As for the other women who may be reading this... Uhm... uh... I politely request that you be patient with me as I explore myself more fully. And please know that I'm dating cos I'd like to get to know the person, so I can decide and choose whether or not to have a relationship. I'm trying to not indulge my old habit of falling head over heels before I am ready.

As I finish my chicken, Promise arrives with a finger bowl. That's observant. Very proactive. It's a large silver bowl filled with steaming hot water and a quarter lemon. She walks away with the remnants of my meal. "Promise," I call.

She comes back. "May I have a spoon for my soup?" I say.

She smiles. Does a fake laugh.

She's probably heard that one at least a thousand times in this dive.

I'm debating whether or not to have tea when in walks Wolf Weinek with his wife. He introduces me, but her name washes straight out of my ears and settles in my beret. "What brings you here?" he says. (He's Austrian, so what he says is more like, "Vot brinks yu ear?")

"I'm part of Lionel Murcott's portrait circle," I say, "up at Drew Lindsay's gallery down the road."

"Fantastic," he says. His son is one of South Africa's hottest visual artists... Robert Weinek, originator of the now defunct Bob's Bar in Troyeville.

I whip out my little portfolio album, the one I use to store the photo printouts of my digital artworks. I hand it to him.

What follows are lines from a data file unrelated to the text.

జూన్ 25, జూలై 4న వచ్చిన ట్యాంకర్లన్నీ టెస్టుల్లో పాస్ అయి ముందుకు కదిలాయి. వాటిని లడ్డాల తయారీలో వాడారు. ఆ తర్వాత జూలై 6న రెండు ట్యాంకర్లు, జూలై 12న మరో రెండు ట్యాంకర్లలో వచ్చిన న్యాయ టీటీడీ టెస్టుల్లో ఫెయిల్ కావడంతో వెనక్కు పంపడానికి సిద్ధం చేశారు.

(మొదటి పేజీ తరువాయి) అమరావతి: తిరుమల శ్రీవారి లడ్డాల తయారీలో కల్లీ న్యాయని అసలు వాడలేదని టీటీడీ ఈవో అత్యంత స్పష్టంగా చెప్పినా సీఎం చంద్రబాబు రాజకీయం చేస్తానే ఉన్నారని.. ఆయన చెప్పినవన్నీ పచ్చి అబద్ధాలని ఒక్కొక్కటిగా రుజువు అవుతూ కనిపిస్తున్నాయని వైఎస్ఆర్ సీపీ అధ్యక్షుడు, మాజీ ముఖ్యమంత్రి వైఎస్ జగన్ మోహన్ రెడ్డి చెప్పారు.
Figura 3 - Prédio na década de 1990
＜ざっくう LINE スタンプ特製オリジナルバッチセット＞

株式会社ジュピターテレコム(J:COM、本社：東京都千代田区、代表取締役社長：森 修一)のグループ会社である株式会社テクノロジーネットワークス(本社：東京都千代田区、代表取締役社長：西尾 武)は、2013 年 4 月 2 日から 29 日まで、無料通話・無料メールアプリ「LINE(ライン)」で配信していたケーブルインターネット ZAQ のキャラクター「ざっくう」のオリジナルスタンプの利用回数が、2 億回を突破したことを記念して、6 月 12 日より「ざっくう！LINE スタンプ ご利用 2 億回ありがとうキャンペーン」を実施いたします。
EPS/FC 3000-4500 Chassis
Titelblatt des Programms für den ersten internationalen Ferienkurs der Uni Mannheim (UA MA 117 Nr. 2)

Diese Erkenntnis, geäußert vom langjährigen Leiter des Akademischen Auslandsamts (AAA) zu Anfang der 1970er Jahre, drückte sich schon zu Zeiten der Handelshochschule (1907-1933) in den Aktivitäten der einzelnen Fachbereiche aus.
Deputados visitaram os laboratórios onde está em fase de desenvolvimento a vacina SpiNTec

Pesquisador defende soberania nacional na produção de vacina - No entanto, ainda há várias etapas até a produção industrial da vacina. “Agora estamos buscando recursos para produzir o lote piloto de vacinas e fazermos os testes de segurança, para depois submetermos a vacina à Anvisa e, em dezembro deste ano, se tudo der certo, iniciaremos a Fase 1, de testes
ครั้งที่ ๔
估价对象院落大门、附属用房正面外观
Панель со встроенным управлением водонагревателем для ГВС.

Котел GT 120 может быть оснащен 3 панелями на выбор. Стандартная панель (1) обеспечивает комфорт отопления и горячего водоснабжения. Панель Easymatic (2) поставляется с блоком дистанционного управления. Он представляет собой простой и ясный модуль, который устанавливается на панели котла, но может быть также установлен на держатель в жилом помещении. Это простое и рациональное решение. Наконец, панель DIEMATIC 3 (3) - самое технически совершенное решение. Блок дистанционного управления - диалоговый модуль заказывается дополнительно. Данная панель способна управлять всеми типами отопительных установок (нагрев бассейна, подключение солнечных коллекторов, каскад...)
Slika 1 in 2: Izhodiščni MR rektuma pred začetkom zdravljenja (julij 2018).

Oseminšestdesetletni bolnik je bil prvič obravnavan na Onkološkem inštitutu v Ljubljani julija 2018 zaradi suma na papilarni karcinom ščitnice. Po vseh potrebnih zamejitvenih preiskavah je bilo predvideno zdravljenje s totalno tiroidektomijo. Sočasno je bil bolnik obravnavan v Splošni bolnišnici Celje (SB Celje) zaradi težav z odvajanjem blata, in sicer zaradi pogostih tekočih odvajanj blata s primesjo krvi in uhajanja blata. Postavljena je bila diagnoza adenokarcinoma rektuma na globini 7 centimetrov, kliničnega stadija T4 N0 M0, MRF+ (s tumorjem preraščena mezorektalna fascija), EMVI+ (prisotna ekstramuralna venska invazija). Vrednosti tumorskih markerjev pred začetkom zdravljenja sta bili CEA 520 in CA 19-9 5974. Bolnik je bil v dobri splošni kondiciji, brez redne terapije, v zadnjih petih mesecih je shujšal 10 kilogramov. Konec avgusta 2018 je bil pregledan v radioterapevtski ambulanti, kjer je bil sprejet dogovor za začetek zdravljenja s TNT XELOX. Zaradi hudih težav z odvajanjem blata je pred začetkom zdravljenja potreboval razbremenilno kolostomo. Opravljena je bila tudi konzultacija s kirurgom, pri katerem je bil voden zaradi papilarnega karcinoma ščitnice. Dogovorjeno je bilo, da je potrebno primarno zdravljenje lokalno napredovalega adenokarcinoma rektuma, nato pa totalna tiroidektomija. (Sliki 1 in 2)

"I'll sit there," he says. "I won't interrupt you." He takes the album and sits with his wife. I order tea, which arrives as a tea cup with a teabag in it. No pot. No nothing. Eish. Classy joint, this. Wolf and his wife oodle over my doodles while I drink.

Wolf brings the portfolio back. "Excellent," he says. "You really should try working bigger."

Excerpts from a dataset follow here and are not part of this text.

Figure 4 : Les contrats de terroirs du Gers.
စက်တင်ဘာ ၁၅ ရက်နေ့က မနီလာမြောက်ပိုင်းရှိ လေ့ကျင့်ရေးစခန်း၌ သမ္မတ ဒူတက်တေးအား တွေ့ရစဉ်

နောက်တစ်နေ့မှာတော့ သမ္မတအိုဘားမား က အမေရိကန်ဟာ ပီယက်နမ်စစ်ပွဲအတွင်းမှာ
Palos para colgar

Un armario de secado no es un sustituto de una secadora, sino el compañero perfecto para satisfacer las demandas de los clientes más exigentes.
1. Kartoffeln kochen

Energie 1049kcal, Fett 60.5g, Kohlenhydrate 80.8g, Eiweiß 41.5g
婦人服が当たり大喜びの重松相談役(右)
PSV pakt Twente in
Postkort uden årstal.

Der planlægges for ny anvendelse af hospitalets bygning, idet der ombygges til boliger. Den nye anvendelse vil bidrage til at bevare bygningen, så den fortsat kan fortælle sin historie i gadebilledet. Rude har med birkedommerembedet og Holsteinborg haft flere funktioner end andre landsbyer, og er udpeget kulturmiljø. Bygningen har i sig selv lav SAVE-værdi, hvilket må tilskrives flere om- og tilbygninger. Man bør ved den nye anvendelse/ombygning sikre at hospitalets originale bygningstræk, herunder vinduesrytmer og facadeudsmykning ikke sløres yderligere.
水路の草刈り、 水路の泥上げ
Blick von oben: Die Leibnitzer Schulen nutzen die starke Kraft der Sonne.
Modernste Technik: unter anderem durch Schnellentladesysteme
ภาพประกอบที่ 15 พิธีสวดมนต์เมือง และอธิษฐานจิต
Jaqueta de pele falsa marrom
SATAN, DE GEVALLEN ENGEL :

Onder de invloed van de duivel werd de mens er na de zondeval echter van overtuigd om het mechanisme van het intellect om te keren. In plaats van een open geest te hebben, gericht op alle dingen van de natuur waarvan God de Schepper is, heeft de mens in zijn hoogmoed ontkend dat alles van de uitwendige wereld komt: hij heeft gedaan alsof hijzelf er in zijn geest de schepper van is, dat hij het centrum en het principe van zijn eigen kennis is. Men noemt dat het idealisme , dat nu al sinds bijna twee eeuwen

"So how're you doing, Wolf?"

"As good as can be expected from someone being treated for cancer," he says.

Ka-tching. Jaw hitting floor. "What??" I say.

"Oh, just prostate cancer," he says. "I've been on the radiation therapy. Side effects. But I'm all right. I hear from the doctor tomorrow if it's been a success."

"Jesus, Wolf. Get better, man."

"What can one do?" he says. Shrugs. Rubs his shaggy beard. Goes back to his wife.

I call for Tony, the manager. "Hi Tony," I say, when he arrives. He's a hard case. Tall, lanky, muscled, scarred. Don't fuck with Tony. That's clear. "I'm just finding out if it's cool to leave my car in the parking lot for an hour or two tonight? I'm part of the portrait circle down the road, at Drew Lindsay's place, and he said it was all right to park here. Just checking with you. I don't want your security guard to get into trouble cos of my car," I say. I deliberately keep the request in one breath, cos I don't want him to interrupt me.

"No problem," he says, after a long pause. "How long you gonna be?"

"About two hours."

"No problem."

Wolf's food arrives just as I'm packing up to leave. Promise comes and takes the tomato sauce bottle off my table, and puts it on Wolf's. He raises it to me in a salute, smiles, and opens the lid.

I haven't got the heart to tell him about my fundamental rule. And heck... he's undergoing radiation therapy. How bad can some rancid tomato sauce be?